The bill represents the first time a PTET has been effective retroactive to the effective date of the limitation on the federal state and local tax deduction – the SALT cap – enacted by the Tax Cuts and Jobs Act. The SALT cap refers to the $10,000 maximum state tax itemized deduction an individual can claim for federal income tax purposes. Since 2018, 27 states have instituted a pass-through entity-level tax as a workaround to the federal SALT cap. By assessing tax at the pass-through entity level, the entity takes a federal deduction for state tax paid, which is passed through as a reduction in an owner’s ordinary income without limitation.
The bill makes the following additional changes to the Colorado PTET, which also are applied retroactive to Jan. 1, 2018:
- Electing pass-through entity owners will receive a refundable credit equal to the owner’s pro rata share of PTET paid by the entity. As originally enacted, owners deducted their pro rata portion of income taxed at the entity level from Colorado taxable income.
- The PTET rate is changed from a fixed 4.55% to the corporate income tax rate applicable to each particular tax year. For tax years beginning on or after Jan. 1, 2018, and before Jan. 1, 2022, Colorado corporate tax rates are the same as the state’s individual income tax rates.
- Colorado income tax credits allowed by law attributable to electing pass-through entities are passed through and claimed by electing pass-through entity owners.
- The initially enacted provision allowing an electing pass-through entity to carry forward any excess income tax credit, net operating loss, or other modifications has been repealed.

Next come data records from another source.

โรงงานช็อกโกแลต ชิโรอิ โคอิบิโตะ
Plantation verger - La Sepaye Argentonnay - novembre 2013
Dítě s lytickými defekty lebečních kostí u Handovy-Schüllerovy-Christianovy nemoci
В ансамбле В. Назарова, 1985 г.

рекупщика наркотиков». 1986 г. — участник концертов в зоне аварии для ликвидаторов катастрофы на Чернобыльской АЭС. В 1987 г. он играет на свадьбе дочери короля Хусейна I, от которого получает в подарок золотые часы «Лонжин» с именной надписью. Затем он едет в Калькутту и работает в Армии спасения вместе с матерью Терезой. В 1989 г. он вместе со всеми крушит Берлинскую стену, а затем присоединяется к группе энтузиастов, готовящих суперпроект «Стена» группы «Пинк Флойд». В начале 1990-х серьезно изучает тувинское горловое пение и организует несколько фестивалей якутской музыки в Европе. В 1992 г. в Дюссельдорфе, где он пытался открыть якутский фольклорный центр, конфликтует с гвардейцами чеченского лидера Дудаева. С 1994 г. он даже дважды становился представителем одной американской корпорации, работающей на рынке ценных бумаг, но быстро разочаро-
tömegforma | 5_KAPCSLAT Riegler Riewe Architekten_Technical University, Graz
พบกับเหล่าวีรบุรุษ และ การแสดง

Pass-through entities may elect the retroactive PTET on or after Sept. 1, 2023, and before July 1, 2024. Effectuating the federal benefit will require the following steps to amend pass-through entity and individual Colorado returns for 2018 through 2021:
- Amend the pass-through entity’s state tax return to make the election and pay the PTET.
- Amend Colorado owner returns to claim the PTET refundable credit and request a refund of taxes previously paid.

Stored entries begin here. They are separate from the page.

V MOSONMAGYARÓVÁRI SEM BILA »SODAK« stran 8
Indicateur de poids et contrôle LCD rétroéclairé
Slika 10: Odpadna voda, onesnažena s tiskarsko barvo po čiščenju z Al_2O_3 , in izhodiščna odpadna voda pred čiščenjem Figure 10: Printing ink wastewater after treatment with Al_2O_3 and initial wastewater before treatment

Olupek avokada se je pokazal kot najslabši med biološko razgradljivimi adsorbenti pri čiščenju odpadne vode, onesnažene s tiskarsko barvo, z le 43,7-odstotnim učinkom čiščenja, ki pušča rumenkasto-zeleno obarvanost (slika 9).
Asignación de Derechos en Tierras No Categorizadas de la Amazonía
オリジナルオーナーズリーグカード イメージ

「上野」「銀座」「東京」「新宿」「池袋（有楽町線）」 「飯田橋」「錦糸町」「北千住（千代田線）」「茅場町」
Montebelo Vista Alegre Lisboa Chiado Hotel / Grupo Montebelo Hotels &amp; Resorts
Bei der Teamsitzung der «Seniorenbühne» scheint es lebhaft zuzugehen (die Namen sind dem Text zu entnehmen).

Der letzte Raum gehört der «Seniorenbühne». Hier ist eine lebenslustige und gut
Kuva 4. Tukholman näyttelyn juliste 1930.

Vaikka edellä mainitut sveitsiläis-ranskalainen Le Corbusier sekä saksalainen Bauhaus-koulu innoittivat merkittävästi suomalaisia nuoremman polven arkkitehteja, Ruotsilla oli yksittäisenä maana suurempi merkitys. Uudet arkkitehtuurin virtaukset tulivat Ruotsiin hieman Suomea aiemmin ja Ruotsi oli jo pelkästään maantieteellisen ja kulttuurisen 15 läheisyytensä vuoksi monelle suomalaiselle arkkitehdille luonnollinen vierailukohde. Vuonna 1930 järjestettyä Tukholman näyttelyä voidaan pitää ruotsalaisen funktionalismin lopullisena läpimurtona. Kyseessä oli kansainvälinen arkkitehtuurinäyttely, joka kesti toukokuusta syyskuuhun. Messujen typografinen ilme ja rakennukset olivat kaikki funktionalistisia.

The federal income tax benefit would be realized by individuals as a deduction against ordinary income in the period the electing pass-through entity deducts the PTET for federal purposes.
Generally, assuming the PTET payments by the electing pass-through entities are made with the filing of their amended Colorado tax returns, both cash-basis and accrual-basis taxpayers should be entitled to a federal deduction in the tax year the amended Colorado returns are filed.

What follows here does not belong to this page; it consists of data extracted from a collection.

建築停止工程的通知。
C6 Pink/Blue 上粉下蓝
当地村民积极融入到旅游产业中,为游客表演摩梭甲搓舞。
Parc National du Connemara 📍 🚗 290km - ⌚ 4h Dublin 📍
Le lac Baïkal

The annual election to pay Colorado tax at the entity level is binding on all owners, which could pose challenges for individuals who are not Colorado residents. The main issue is whether a nonresident individual owner’s state of residence will allow a credit for Colorado tax paid at the entity level or a deduction for apportioned pro rata income subject to tax. Pass-through entities and their owners should consult their tax advisers to determine if making this election makes sense.
It should be noted that the prior IRS guidance contained in IRS Notice 2020-75 did not specifically contemplate the effect of a retroactive state PTET, so there is no assurance that the IRS would apply the same principles in the notice to Colorado’s retroactive PTET.